Keywords: Hugh Metel, Bernard of Clairvaux, Albero of Montreuil, Epistolary Epistemology, Religious Politics
Hugh Metel (d. c. 1150), an Augustinian canon of St. Léon, Toul, in the region of Lorraine, has left us a collection of 55 letters and several poems. They are preserved in a manuscript belonging to the Benedictine abbey of Saint- Arnoul, Metz, copied sometime in the second half of the twelfth century. This manuscript, transferred to the Collège de Clermont in the seventeenth century and now in Berlin ( Deutsche Staatsbibliothek, Phillipps, 1694), provided the basis for what is still the only printed edition of the letter collection as a whole, published by Charles Louis Hugo in 1731 within the second volume of his Sacrae Antiquitatis Monumenta. Hugo's edition was unknown to abbé Migne when he reprinted Mabillon's edition of just four letters of Hugh Metel, as an appendix to the writings of Bernard of Clairvaux within the Patrologia Latina. Given the rarity of the 1731 edition, it is not surprising that Hugh Metel is largely unknown to literary and historical scholarship, a fact that Constant J. Mews and I are now working to rectify.
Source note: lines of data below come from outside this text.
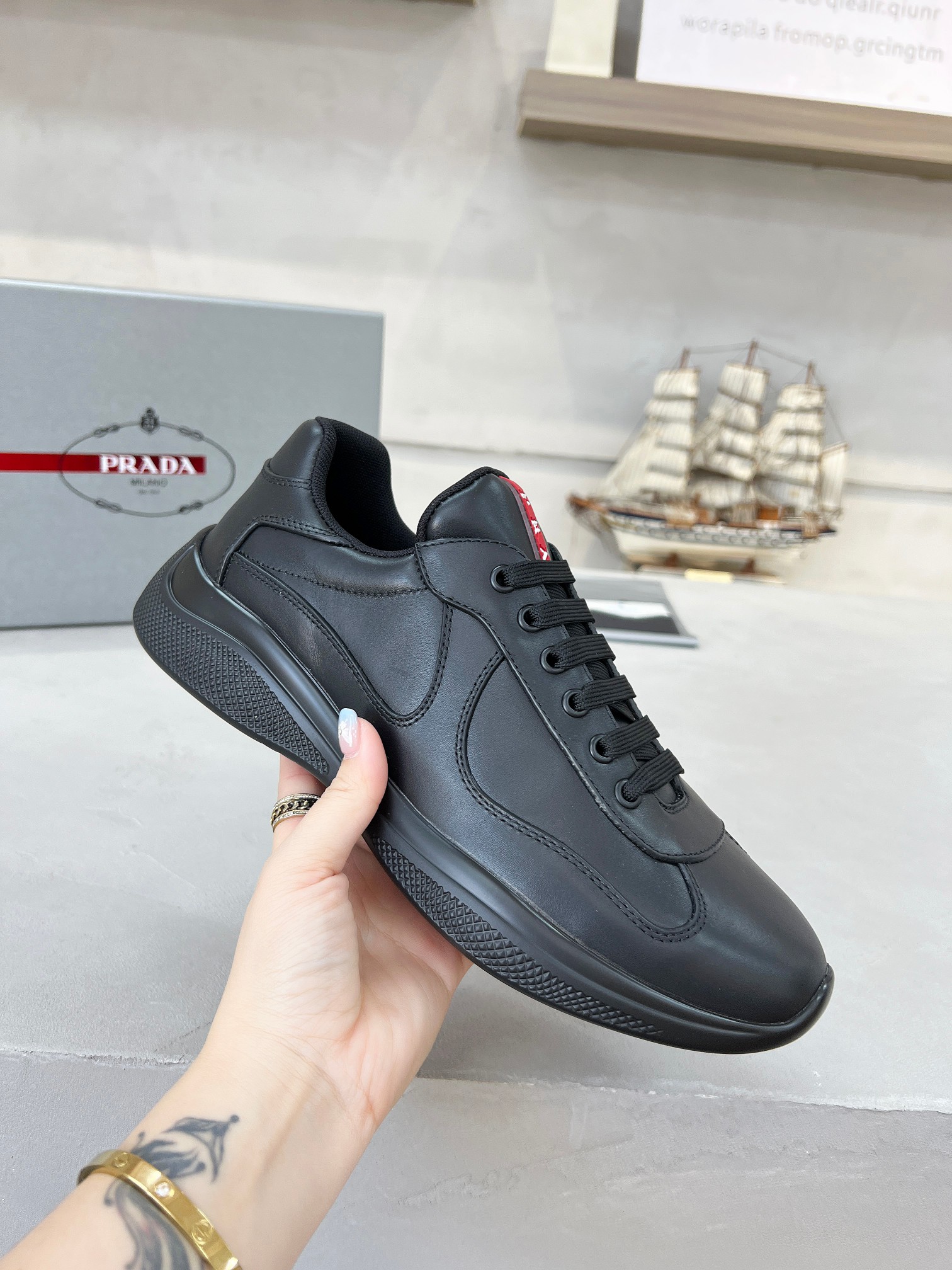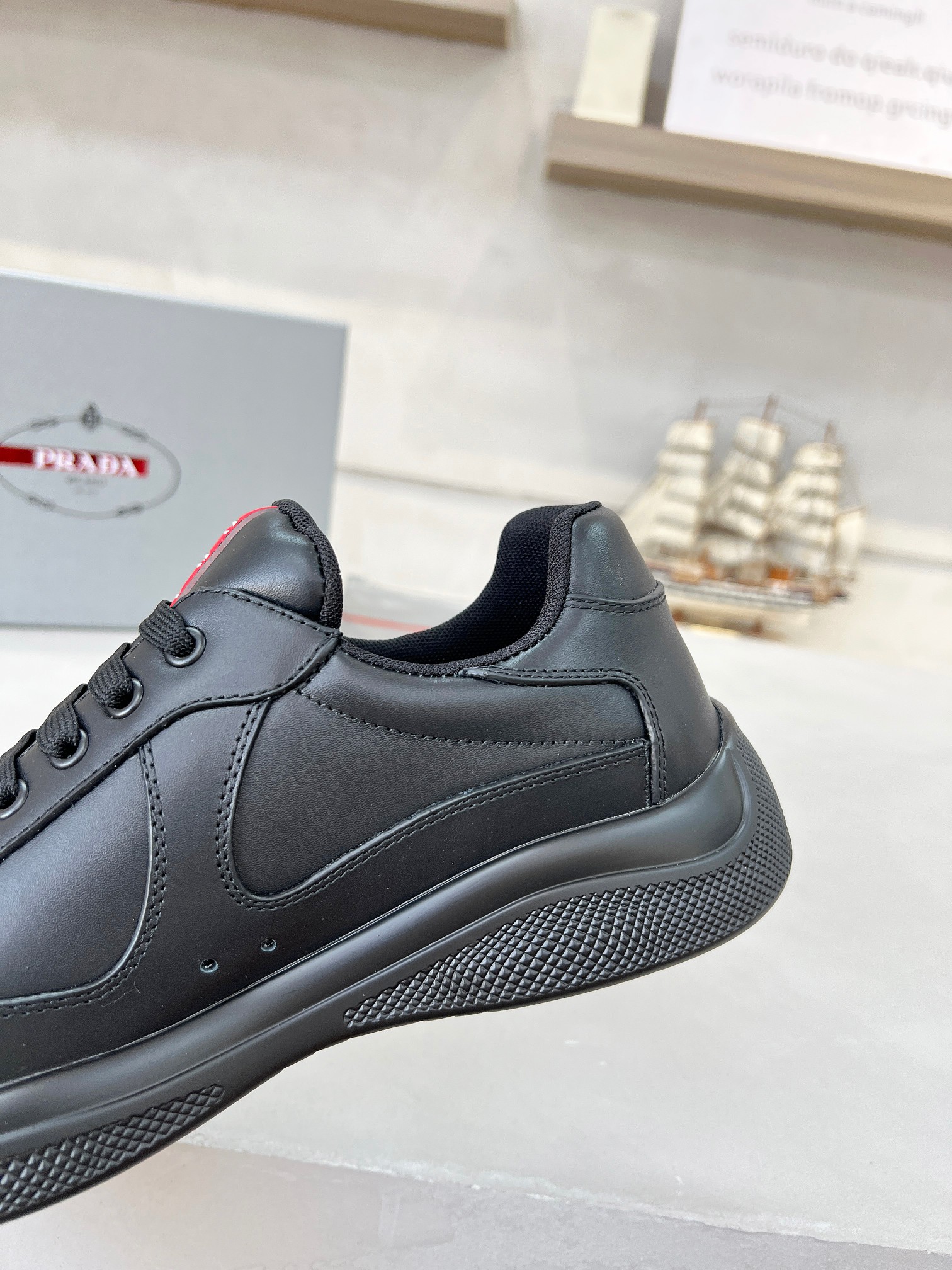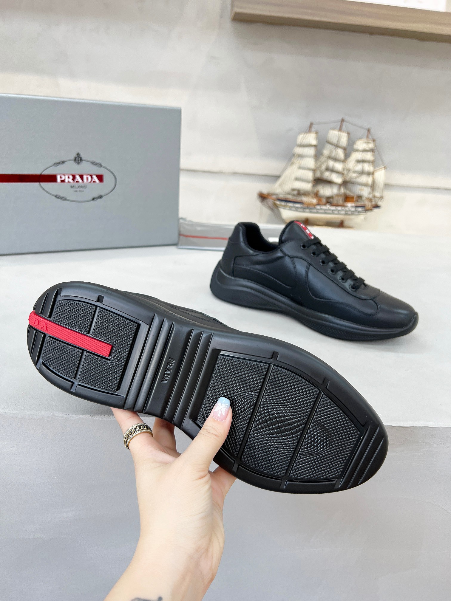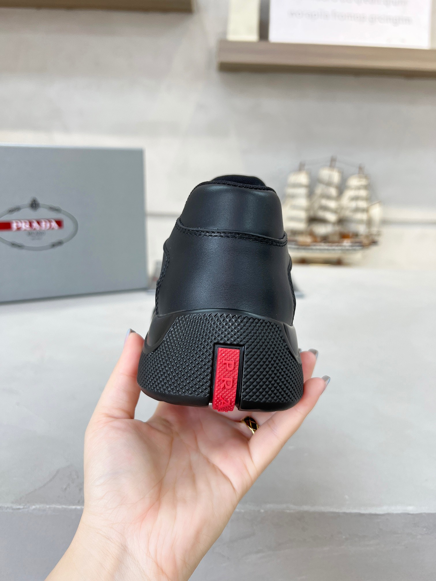 這款鞋子是AAAAA 1:1 質量(非常棒). 使用了和原版一模一樣的材料. 商標部分也保持了和普拉達/Prada一樣. 圖片拍攝是實物鞋子拍攝, 您所收到的實物保證和我們圖片一模一樣.
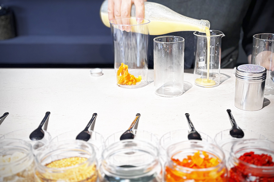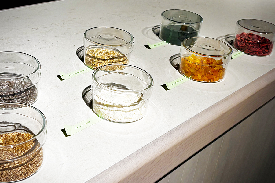 カフェ「Ferment Bar(ファーメントバー)」では、“善玉菌を醸す食体験”として、甘酒をアップデートした甘酒スムージーが登場。まず「蜜柑・マンゴー・山椒」(1,320円)や「苺・豆乳ヨーグルト」(880円)など、ベースとなる甘酒を5種類の中から選び、さらに「黒米甘酒」「豆乳バニラ」など数種類から上にのせる寒天をチョイス。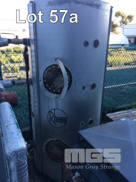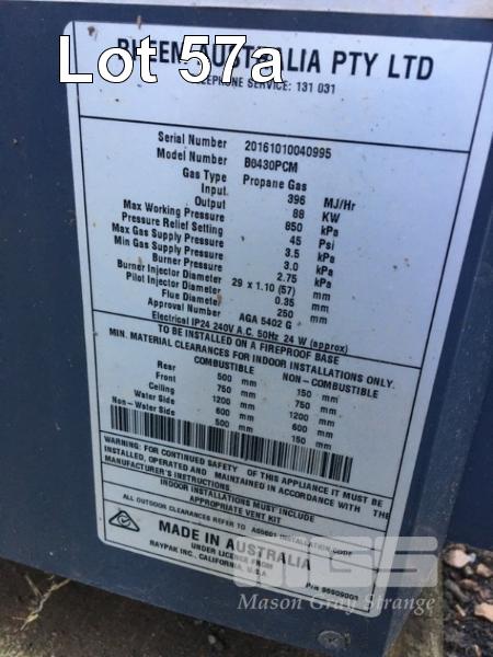 GAS FIRED HEATER, RHEEM RYPACK MPD: B0430PCM S/NO: 201610100040995 PROPANE GAS FIRED WITH RHEEM HOLDING TANK INSULATED SIZE: 1000mm DIAM x 2150mm (H) (TO BE DISCONNECTED AT FIRST VALVE, NOT INC PIPEWORK)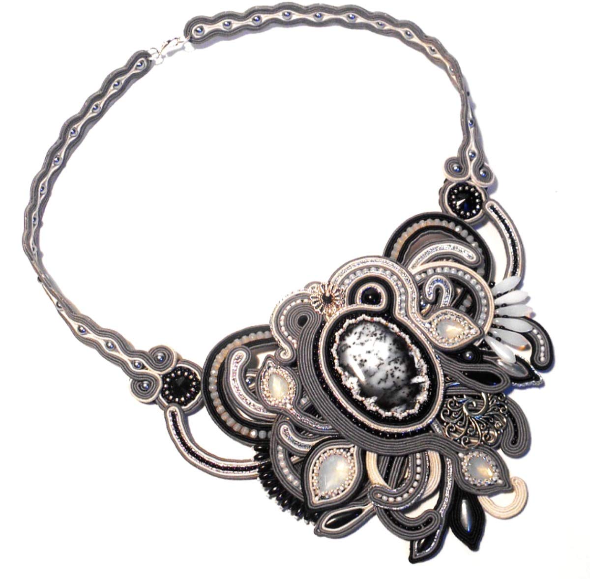 Black And White Beaded Statement Necklace Vintage Color Me Red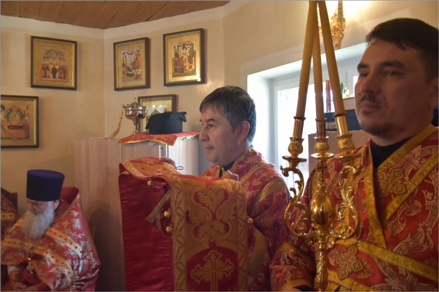 Архипастырю сослужили секретарь Набережночелнинской епархии протоиерей Андрей Лосык, благочинный Елабужского округа иеромонах Кирилл (Забавнов), благочинный Набережночелнинского округа протоиерей Андрей Дубровин, настоятель молельного дома Архангела Михаила села Танайка Елабужского округа иерей Илья Кривов, протодиакон Дмитрий Половников.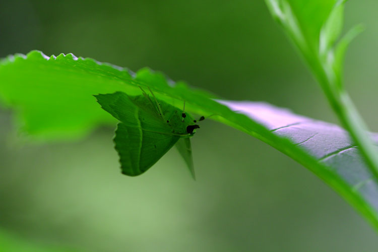 偶然葉の裏側に目が、葉にそっくり擬態の蝶・蛾?、近寄っても逃げない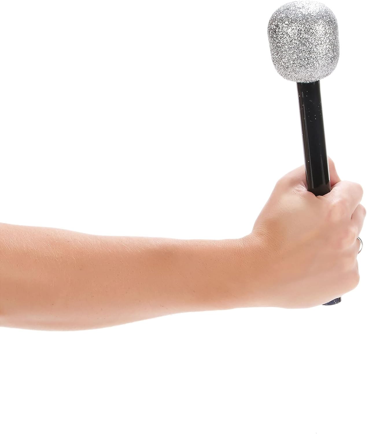 Questo microfono è realizzato in plastica e misura circa 25 cm di lunghezza. L'impugnatura è di colore nero e l'estremità del microfono è ricoperta di glitter argentati. Questo accessorio sarà ideale per completare il vostro costume da pop star durante le vostre serate in discoteca. Questo prodotto è solo un accessorio per travestimento.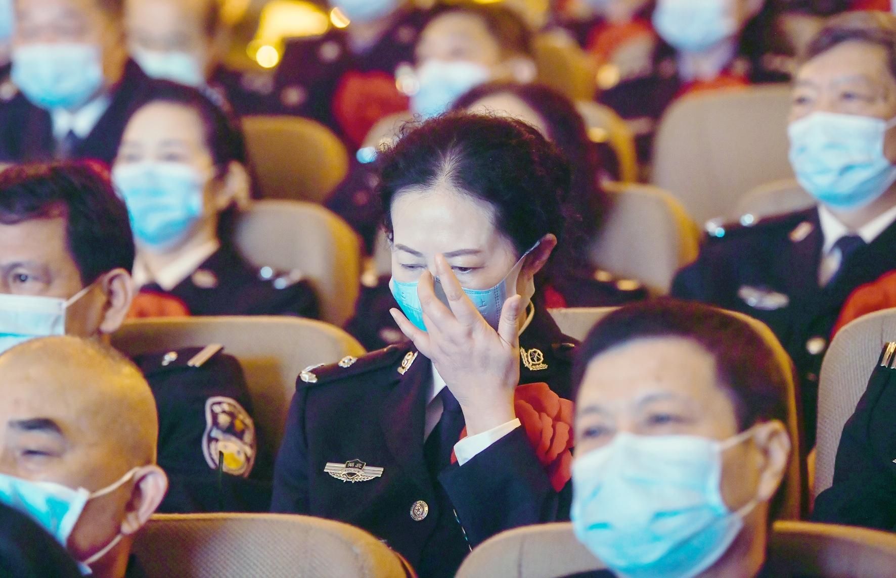 庄重简朴的仪式上播放了短片《我选择》。片中,武汉市公安局强制隔离戒毒所医务民警柯良含泪说道:退休了,我要做的第一件事是带上母亲的照片旅行,坐火车,看天安门……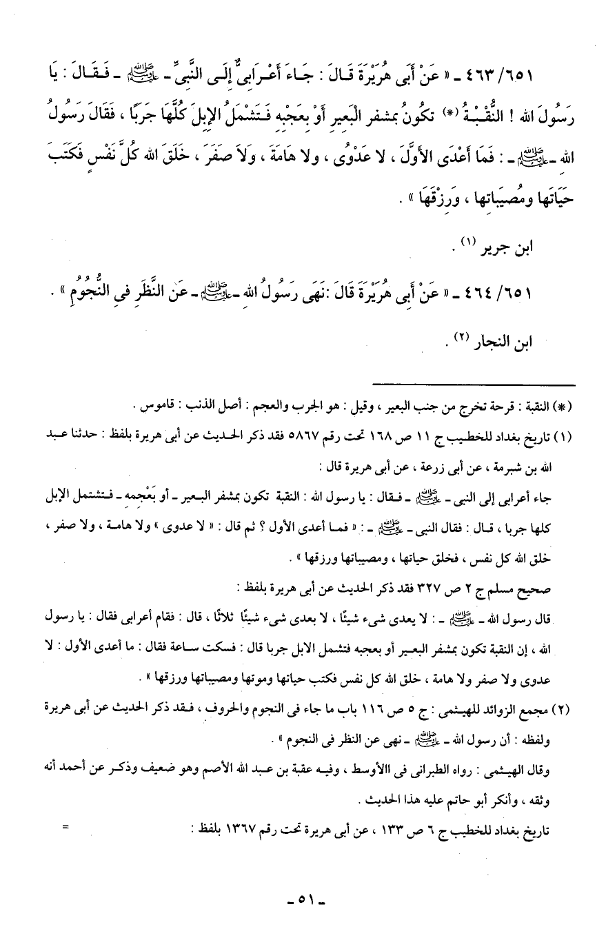 651/ 463 - "عَنْ أَبَي هُرَيْرَةَ قَالَ: جَاءَ أَعْرَابِيٌّ إِلَى النَّبِيِّ - صلى الله عليه وسلم - فَقَالَ: يَا رَسُولَ الله! النُّقْبْةُ (*) تكُونُ بمشفر الْبَعِيرِ أَوْ بِعَجْبِهِ فَتَشْمَلُ الإِبِلَ كُلَّهَا جَرَبًا، فَقَالَ رَسُولُ اللهِ - صلى الله عليه وسلم -: فَمَا أَعْدَى الأَوَّلَ، لا عَدْوُى، ولا هَامَةَ، وَلاَ صَفَرَ، خَلَقَ الله كُلَّ نَفْسٍ فَكَتَبَ حَيَاتَها ومُصيَباتِها، وَرِزْقَهَا".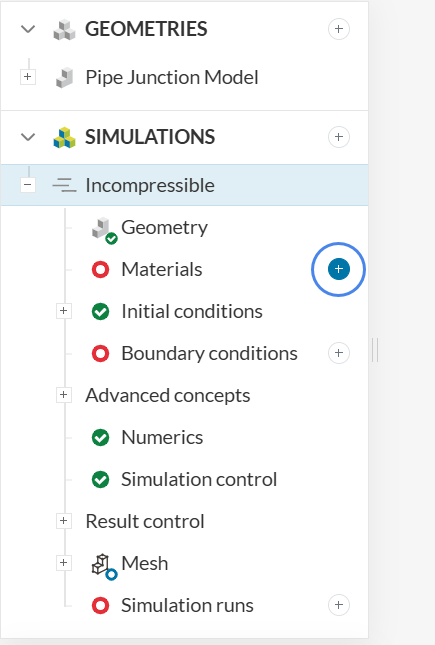 To assign a new material, click on the ‘+’ button next to Materials in the simulation tree.

Relatively unknown today, Hugh Metel was very well-connected to major religious men of his time and he strove diligently to widen his networks through his letters. The two main avenues he pursued were correspondence with influential men and involvement in contemporary issues, which he pursued with his remarkable rhetorical abilities and knowledge. Although he vehemently objects to rhetoric and language virtuosity, he seems to enjoy them in his own writing.